Snippext: Semi-supervised Opinion Mining with Augmented Data
- URL: http://arxiv.org/abs/2002.03049v1
- Date: Fri, 7 Feb 2020 23:54:23 GMT
- Title: Snippext: Semi-supervised Opinion Mining with Augmented Data
- Authors: Zhengjie Miao, Yuliang Li, Xiaolan Wang, Wang-Chiew Tan
- Abstract summary: Snippext is an opinion mining system developed over a language model that is fine-tuned through semi-supervised learning with augmented data.
A novelty of Snippext is its clever use of a two-trivial approach to achieve state-of-the-art (SOTA) performance with little labeled training data.
- Score: 22.07271774127334
- License: http://arxiv.org/licenses/nonexclusive-distrib/1.0/
- Abstract: Online services are interested in solutions to opinion mining, which is the
problem of extracting aspects, opinions, and sentiments from text. One method
to mine opinions is to leverage the recent success of pre-trained language
models which can be fine-tuned to obtain high-quality extractions from reviews.

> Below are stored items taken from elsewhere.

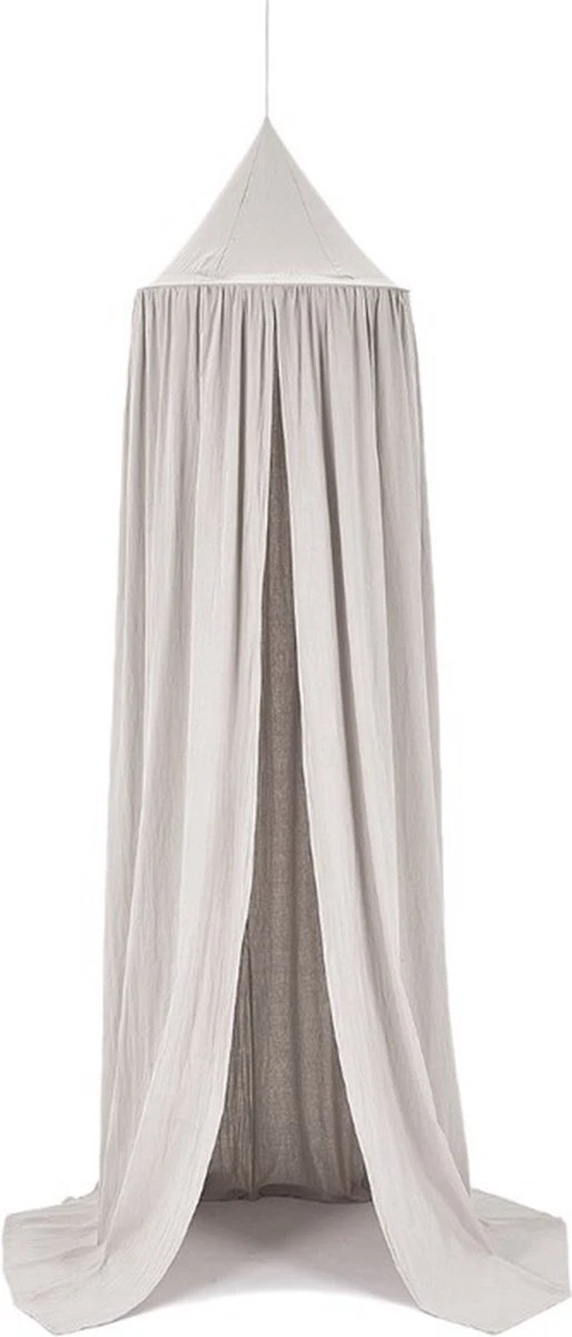 Een mooie vintage klamboe van 100% katoen om jouw wieg of ledikant mee af te maken. De klamboe kan eenvoudig worden opgehangen met een ijzeren hanger en een draad. Beide worden met de klamboe meegeleverd. De klamboe is op verschillende hoogtes te hangen.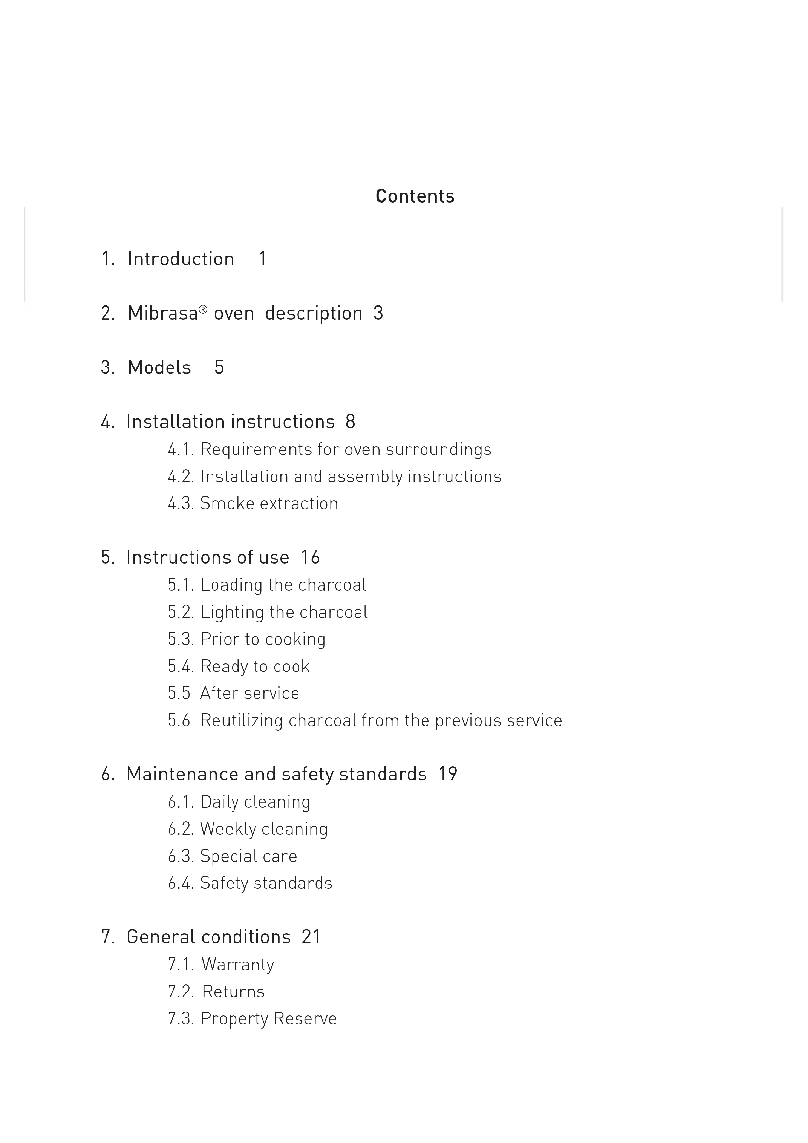 Place back the frontal panel Follow the steps for models with cupboard below Option 1 Option 213 4.3. Smoke extraction When the oven is installed in the interior of a closed building an hood extract of sufcient dimensions is required. The hood extract must have a suitable depth in order to cover the opening of the oven and stand out laterally by 5.9”on both sides. Installation of the exhaust hood in accordance with the standard NFPA 96. Dissipating filter: This is installed over the rebreak. It lters and spreads the ow of air, slowing it down and dropping its tem- perature. To guarantee the correct operation of the said components, the recommended charcoal loads mentioned in point 5.1 should be respected. Firebreak: Is installed where the smoke leaves the oven. Its function is to prevent ames or sparks from escaping the oven. MIBRASA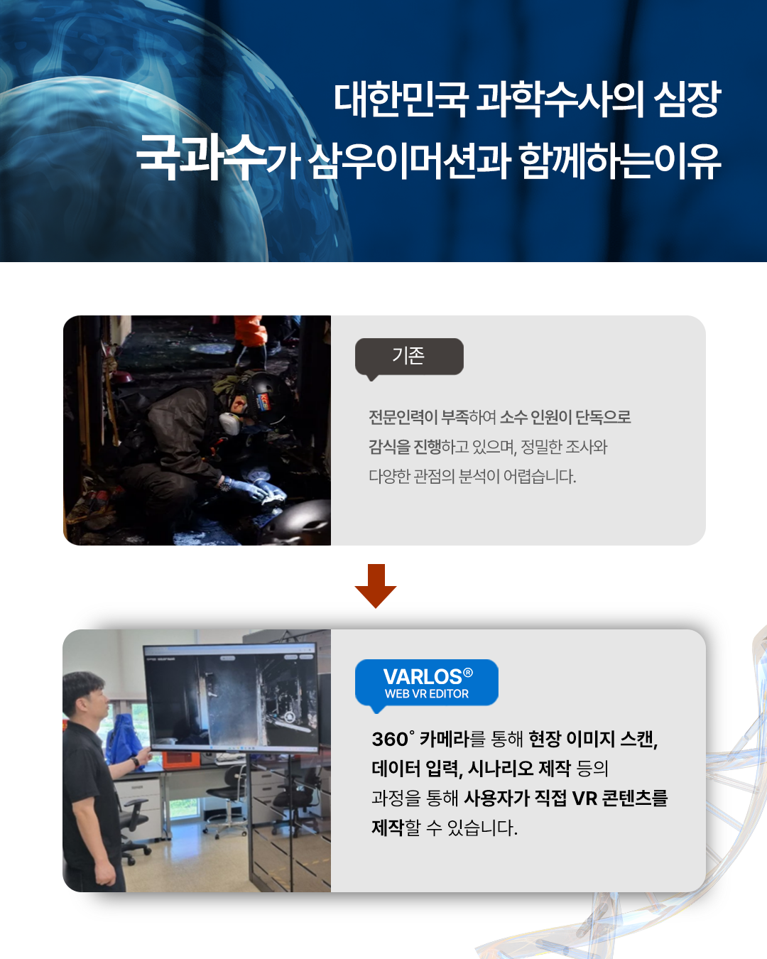 Existing forensic science education faces limitations in accurately recreating real crime scenes, and high-risk training has limitations in repetitive practice. Furthermore, investigators can only indirectly experience various types of field situations. At this juncture, Samwoo Immersion uses XR technology to build virtual realities that are identical to or more complex and diverse than reality, providing an immersive and safe training environment for investigators through simulations.
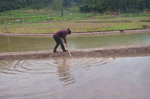 华龙网3月20日15点04分讯(特约通讯员 尹梁宇)“噗通、噗通”,泥巴坠入稻田里发出的声音响彻在乡野田间。3月19日笔者在重庆梁平区七星镇仁安村看到了这样一幅景象,不少村民拿着锄头、犁耙等农具在梯田之间加固田坎,挖深稻田里的鱼槽。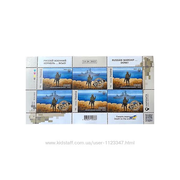 Весь последний месяц едва ли не каждый украинец охотился за маркой, символизирующей несокрушимость украинского духа. К сожалению, не все успели ее приобрести, а потому «Укрпошта» анонсировала продажу новой серии марок «Русскій воєнний корабль…всьо!». Она посвящена отпору корабля «москва», который потопили украинские защитники.... Ее название – слова украинских защитников острова Змеиный в ответ на российский корабль, которые стали символом сопротивления военной агрессии РФ.Характеристики: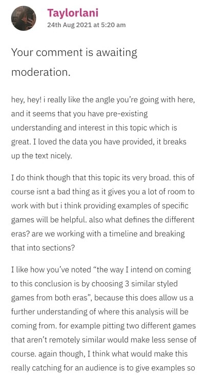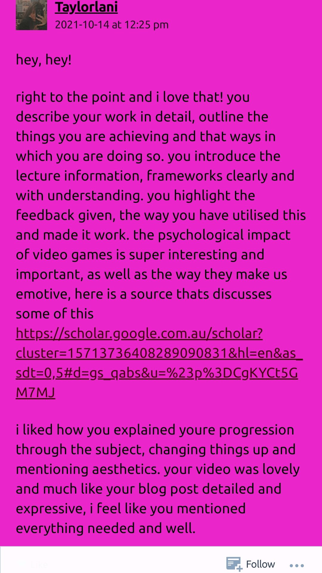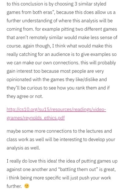 I then moved onto reading and engaging with Jules’ pitch, which really struck me because of the similar concepts but different ideas involved. I love seeing how differently people can execute projects. Their DA dives into the concept of nostalgia and its correspondence in gaming. Not only that, but they included the science side of things, going deep into what they wished to achieve with this project.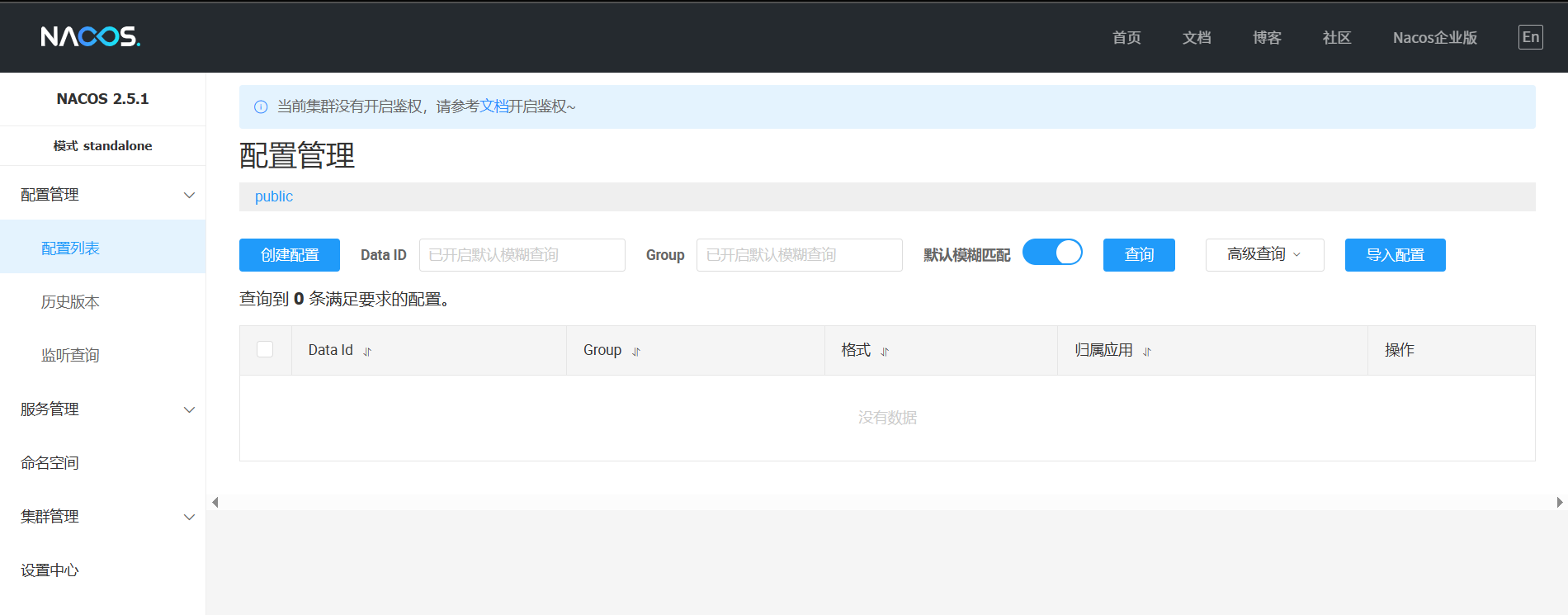 - 开启鉴权(测试环境可选):虽然在测试环境中鉴权可能不是必需的,但为了提前适应生产环境的安全要求,我们可以选择开启鉴权。在conf/application.properties文件中添加以下配置:

However, fine-tuning language models still requires a non-trivial amount of
training data. In this paper, we study the problem of how to significantly
reduce the amount of labeled training data required in fine-tuning language
models for opinion mining. We describe Snippext, an opinion mining system
developed over a language model that is fine-tuned through semi-supervised
learning with augmented data. A novelty of Snippext is its clever use of a
two-prong approach to achieve state-of-the-art (SOTA) performance with little
labeled training data through: (1) data augmentation to automatically generate
more labeled training data from existing ones, and (2) a semi-supervised
learning technique to leverage the massive amount of unlabeled data in addition
to the (limited amount of) labeled data. We show with extensive experiments
that Snippext performs comparably and can even exceed previous SOTA results on
several opinion mining tasks with only half the training data required.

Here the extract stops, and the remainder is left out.